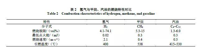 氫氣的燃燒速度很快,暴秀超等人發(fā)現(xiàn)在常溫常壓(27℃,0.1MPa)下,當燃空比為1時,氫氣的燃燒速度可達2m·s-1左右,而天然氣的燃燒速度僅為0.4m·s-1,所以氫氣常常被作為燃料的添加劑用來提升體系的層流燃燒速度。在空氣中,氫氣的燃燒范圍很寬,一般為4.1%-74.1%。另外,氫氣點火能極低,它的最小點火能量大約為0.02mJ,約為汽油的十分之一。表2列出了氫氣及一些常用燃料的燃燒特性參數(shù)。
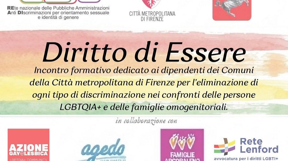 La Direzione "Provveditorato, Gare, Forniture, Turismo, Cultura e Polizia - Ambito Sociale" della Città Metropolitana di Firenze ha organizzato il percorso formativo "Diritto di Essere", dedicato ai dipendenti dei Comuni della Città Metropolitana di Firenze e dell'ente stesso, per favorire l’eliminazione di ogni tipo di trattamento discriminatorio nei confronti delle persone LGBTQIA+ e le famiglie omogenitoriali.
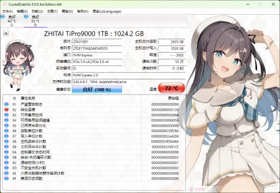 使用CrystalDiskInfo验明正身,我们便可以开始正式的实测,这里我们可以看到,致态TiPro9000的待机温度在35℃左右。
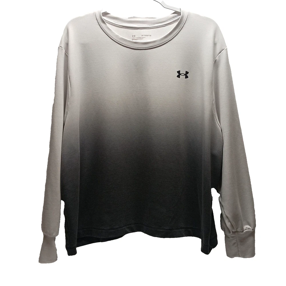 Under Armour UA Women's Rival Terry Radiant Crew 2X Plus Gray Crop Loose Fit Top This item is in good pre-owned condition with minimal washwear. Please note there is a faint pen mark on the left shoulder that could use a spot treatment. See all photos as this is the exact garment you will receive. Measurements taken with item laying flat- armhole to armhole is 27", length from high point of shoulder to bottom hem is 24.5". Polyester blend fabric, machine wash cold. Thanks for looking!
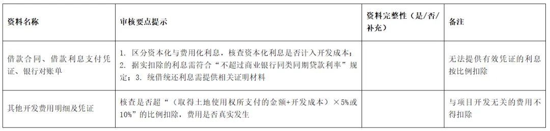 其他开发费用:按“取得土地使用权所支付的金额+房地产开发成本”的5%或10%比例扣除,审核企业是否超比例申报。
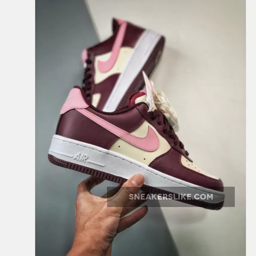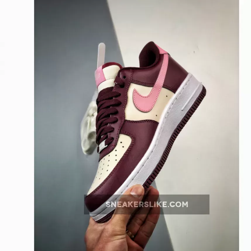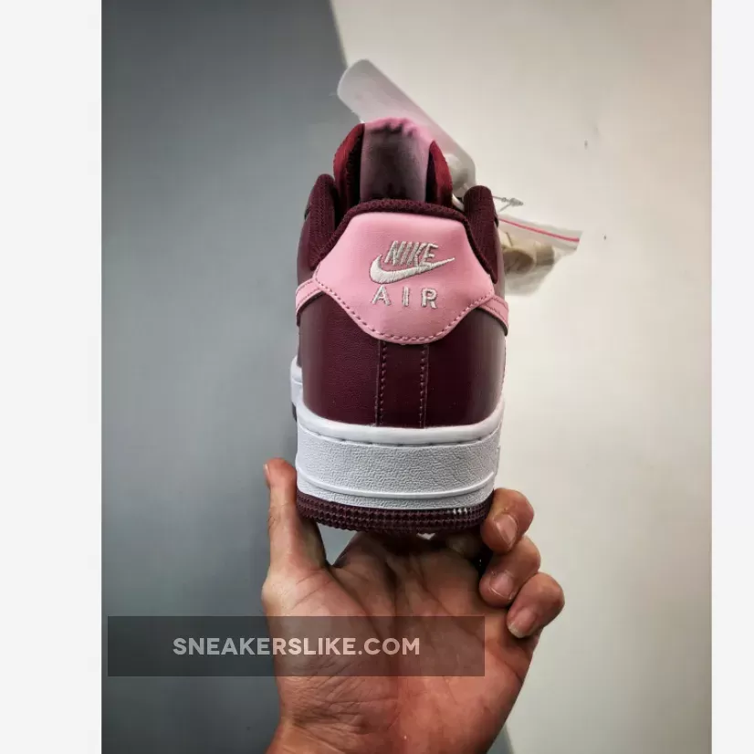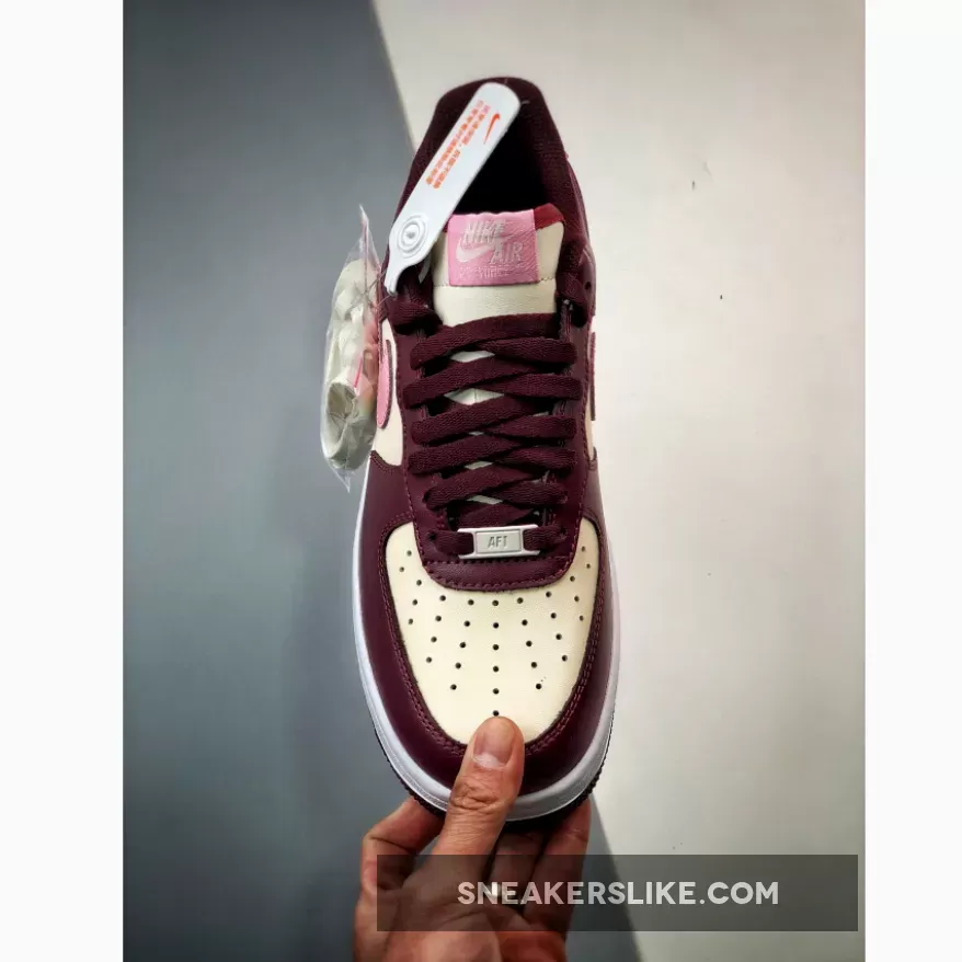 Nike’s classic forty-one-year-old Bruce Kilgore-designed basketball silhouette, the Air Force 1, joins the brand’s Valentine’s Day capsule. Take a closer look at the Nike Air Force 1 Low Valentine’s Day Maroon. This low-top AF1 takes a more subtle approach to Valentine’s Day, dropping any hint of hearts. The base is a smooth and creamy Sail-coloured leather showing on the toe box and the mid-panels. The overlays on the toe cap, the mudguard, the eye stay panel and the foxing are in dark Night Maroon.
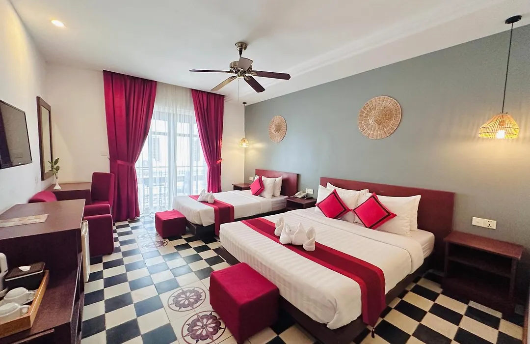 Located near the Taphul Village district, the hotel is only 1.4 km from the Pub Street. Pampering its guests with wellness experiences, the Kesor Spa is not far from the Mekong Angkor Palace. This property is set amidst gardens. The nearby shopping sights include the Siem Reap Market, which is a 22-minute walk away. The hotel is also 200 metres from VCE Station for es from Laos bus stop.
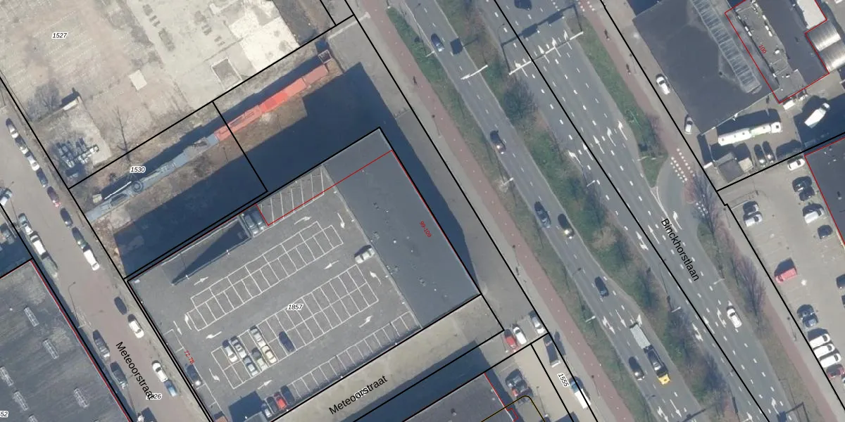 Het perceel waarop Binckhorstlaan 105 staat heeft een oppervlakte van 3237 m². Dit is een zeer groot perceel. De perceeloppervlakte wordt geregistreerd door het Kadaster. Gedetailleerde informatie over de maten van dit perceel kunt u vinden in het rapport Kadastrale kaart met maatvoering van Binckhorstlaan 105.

DIRECTIONS
Give again, exactly as written above, each line from the one that has "le famiglie omogenitoriali." to the one that has "使用CrystalDiskI", both included; omit the pictures.

ANSWER SPACE
 La Direzione "Provveditorato, Gare, Forniture, Turismo, Cultura e Polizia - Ambito Sociale" della Città Metropolitana di Firenze ha organizzato il percorso formativo "Diritto di Essere", dedicato ai dipendenti dei Comuni della Città Metropolitana di Firenze e dell'ente stesso, per favorire l’eliminazione di ogni tipo di trattamento discriminatorio nei confronti delle persone LGBTQIA+ e le famiglie omogenitoriali.
 使用CrystalDiskInfo验明正身,我们便可以开始正式的实测,这里我们可以看到,致态TiPro9000的待机温度在35℃左右。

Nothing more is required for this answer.